0

Control characters I'm talking about can be found here: http://ascii.cl/control-characters.htm

I need the control characters as their single character length entity, not represented as an ASCII code, or the plain text of their symbol.

See below... a b

As shown above in both sublime and notepad text editors, I need the actual symbols, not their ascii code. So I need the characters as shown in the second invalid_chrs_list.

Is there a way to get these symbols, a file somewhere online, or a site that I can copy paste them from?

Edit:

#Invalid characters ascii codes here (http://ascii.cl/control-characters.htm)
#invalid_chrs_list = [0,1,2,3,4,5,6,7,8,16,17,18,19,20,21,22,23,24,25,26,27] # ascii
#invalid_chrs_list = ['', ''] # real for acsii code 3 and 17 - NEED THE REST - Can't post these characters into stackoverflow so just pretend their there like in my screenshot.
invalid_chrs_list = ['\x00','\x01','\x02','\x03','\x04','\x05','\x06','\x07','\x08','\x10','\x11','\x12','\x13','\x14','\x15','\x16','\x17','\x18','\x19','\x1a','\x1b'] # escaped

with open(file, 'rb') as f:
    # Iterate through the rows
    for row in f:
        # Catch invalid characters
        for char in row:
            if char in invalid_chrs_list: # <--- MAKE THIS FASTER
                print ('found')
                break

alternate for loop which would be faster if the check worked:

for char in invalid_chrs_list:
    if char in row:

I've tried using ord(char) and chr(char) in if char in invalid_chrs_list: on each of the lists, but am not sure how to compare them to each other to verify a match

Edit - Solution: The list in the code below is the correct list, it is not necessary to use the literals I showed in my images.
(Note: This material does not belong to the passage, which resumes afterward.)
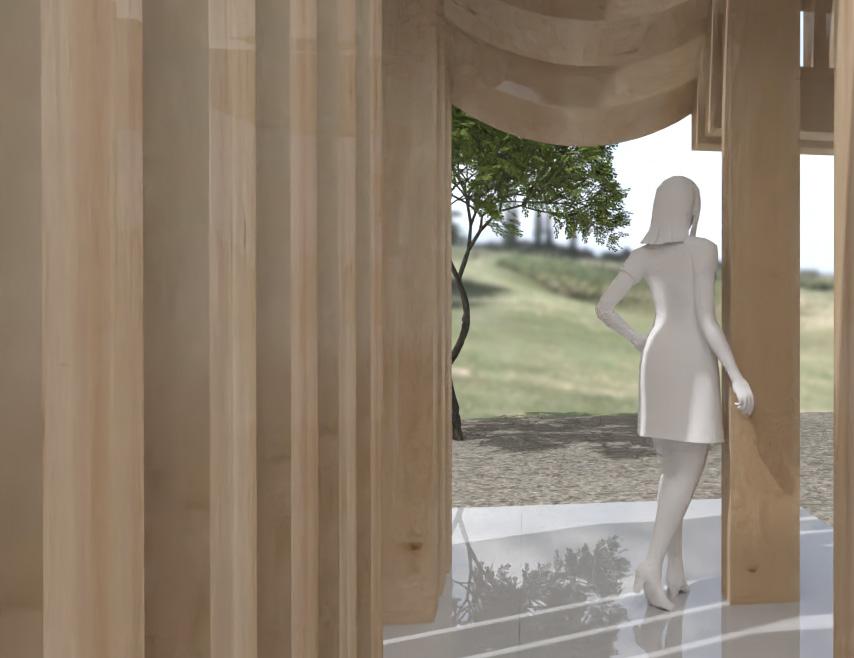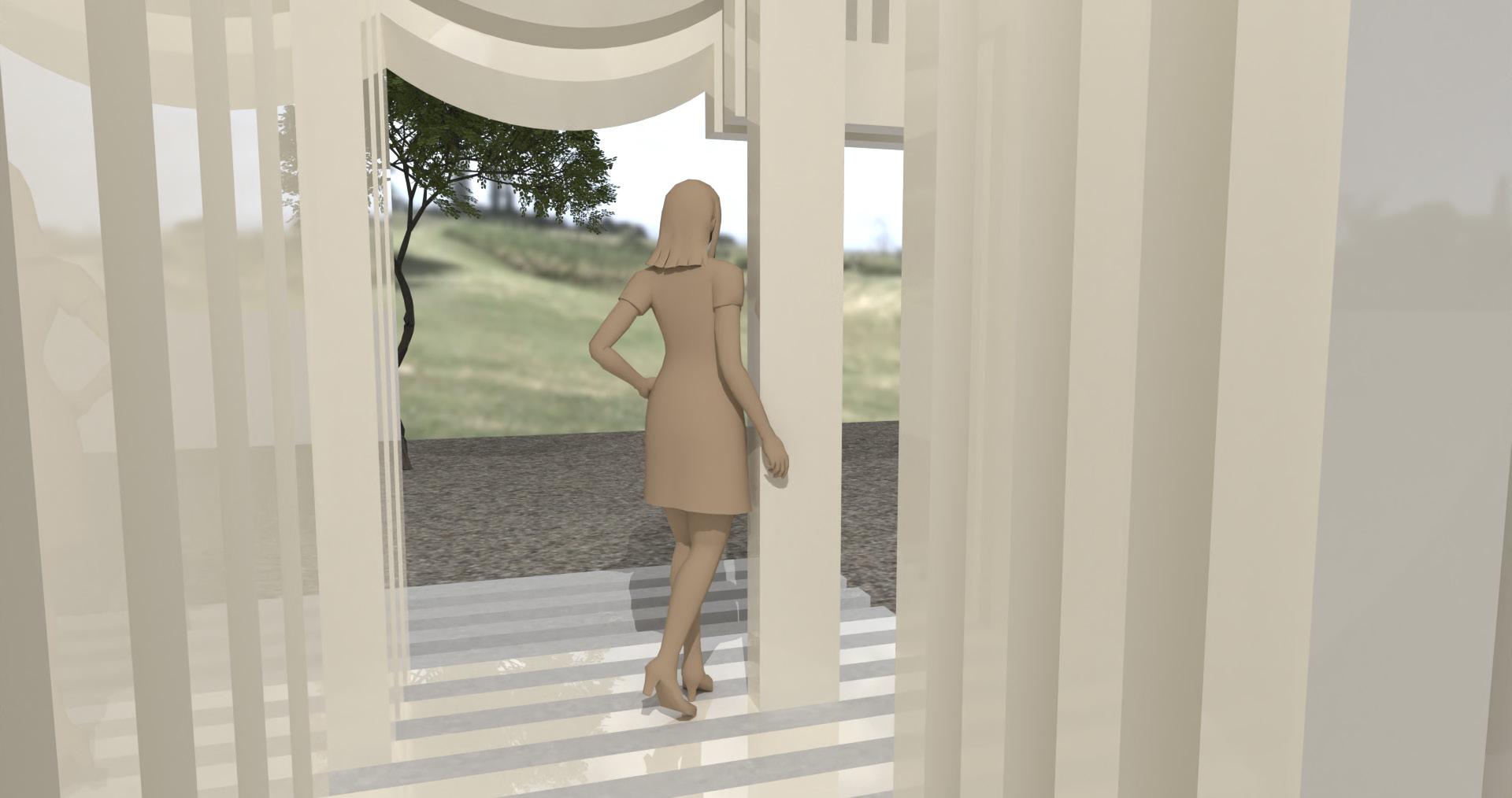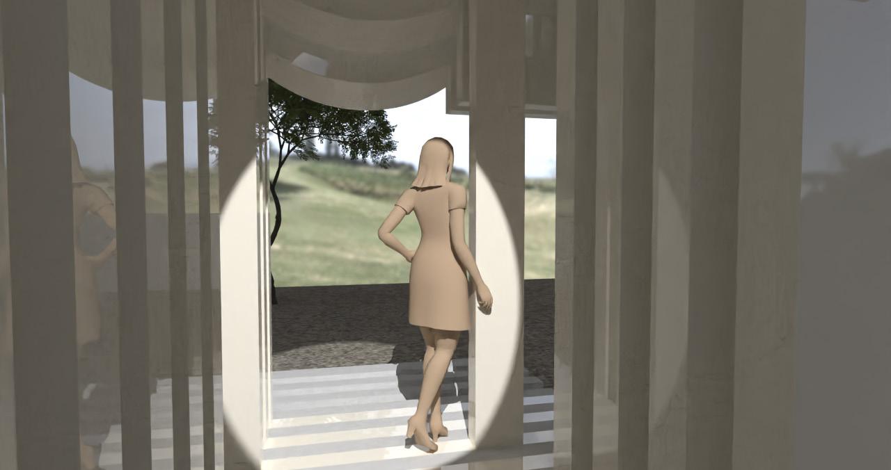 During the rendering process, I realized that the most difficult part of it all was finding a solid view of the space that captured all the elements I wanted to highlight. For my interior, I wanted to showcase the circular frames, the pillars,

I was looking in the wrong place for the answer, thank you to @Peteris for pointing me in the right direction.

I needed to switch the file mode to text: 'r' or I need to encode the character I'm checking with char.encode() for it to check the literal properly. In my case I need to be opening the file in binary mode so I went with char.encode().

    invalid_chrs_list = ['\x00','\x01','\x02','\x03','\x04','\x05','\x06','\x07','\x08','\x10','\x11','\x12','\x13','\x14','\x15','\x16','\x17','\x18','\x19','\x1a','\x1b']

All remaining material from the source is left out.